FAIL: LLVM-Unit :: CAS/./CASTests/4/22 (92951 of 93022)
******************** TEST 'LLVM-Unit :: CAS/./CASTests/4/22' FAILED ********************
Script(shard):
--
GTEST_OUTPUT=json:/home/b/sanitizer-x86_64-linux-fast/build/llvm_build_msan/unittests/CAS/./CASTests-LLVM-Unit-2961543-4-22.json GTEST_SHUFFLE=0 GTEST_TOTAL_SHARDS=22 GTEST_SHARD_INDEX=4 /home/b/sanitizer-x86_64-linux-fast/build/llvm_build_msan/unittests/CAS/./CASTests
--

Note: This is test shard 5 of 22.
[==========] Running 1 test from 1 test suite.
[----------] Global test environment set-up.
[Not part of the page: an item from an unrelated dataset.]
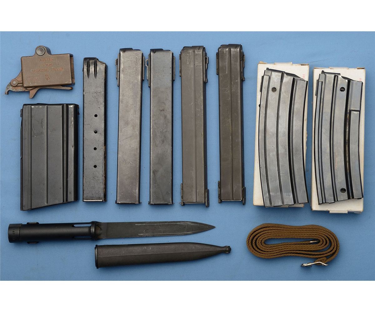 4 original boxed Ruger Mini 14, 30 round magazines, 1 FAL metric 20 round magazine, 5 9mm 20 round magazines, 1 " AUSTEN/9 MM/MAGAZINE FILLER/DC" marked device, a FAL bayonet with scabbard and 1 web strap/sling. CONDITION: Good to very good overall.

[----------] 1 test from OnDiskCASTest
[ RUN      ] OnDiskCASTest.OnDiskKeyValueDBTest
 #0 0x00005555556827a2 ___interceptor_backtrace /home/b/sanitizer-x86_64-linux-fast/build/llvm-project/compiler-rt/lib/msan/../sanitizer_common/sanitizer_common_interceptors.inc:4530:13
 #1 0x000055555579881d llvm::sys::PrintStackTrace(llvm::raw_ostream&, int) /home/b/sanitizer-x86_64-linux-fast/build/llvm-project/llvm/lib/Support/Unix/Signals.inc:0:13
 #2 0x00005555557961b7 llvm::sys::RunSignalHandlers() /home/b/sanitizer-x86_64-linux-fast/build/llvm-project/llvm/lib/Support/Signals.cpp:0:5
 #3 0x0000555555799bd7 SignalHandler(int, siginfo_t*, void*) /home/b/sanitizer-x86_64-linux-fast/build/llvm-project/llvm/lib/Support/Unix/Signals.inc:426:38
 #4 0x00005555556b63ee IsInInterceptorScope /home/b/sanitizer-x86_64-linux-fast/build/llvm-project/compiler-rt/lib/msan/msan_interceptors.cpp:78:10
 #5 0x00005555556b63ee SignalAction(int, void*, void*) /home/b/sanitizer-x86_64-linux-fast/build/llvm-project/compiler-rt/lib/msan/msan_interceptors.cpp:1167:3
 #6 0x00007ffff7a458d0 (/lib/x86_64-linux-gnu/libc.so.6+0x458d0)
 #7 0x00007ffff7aa49bc pthread_kill (/lib/x86_64-linux-gnu/libc.so.6+0xa49bc)
 #8 0x00007ffff7a4579e raise (/lib/x86_64-linux-gnu/libc.so.6+0x4579e)
 #9 0x00007ffff7a288cd abort (/lib/x86_64-linux-gnu/libc.so.6+0x288cd)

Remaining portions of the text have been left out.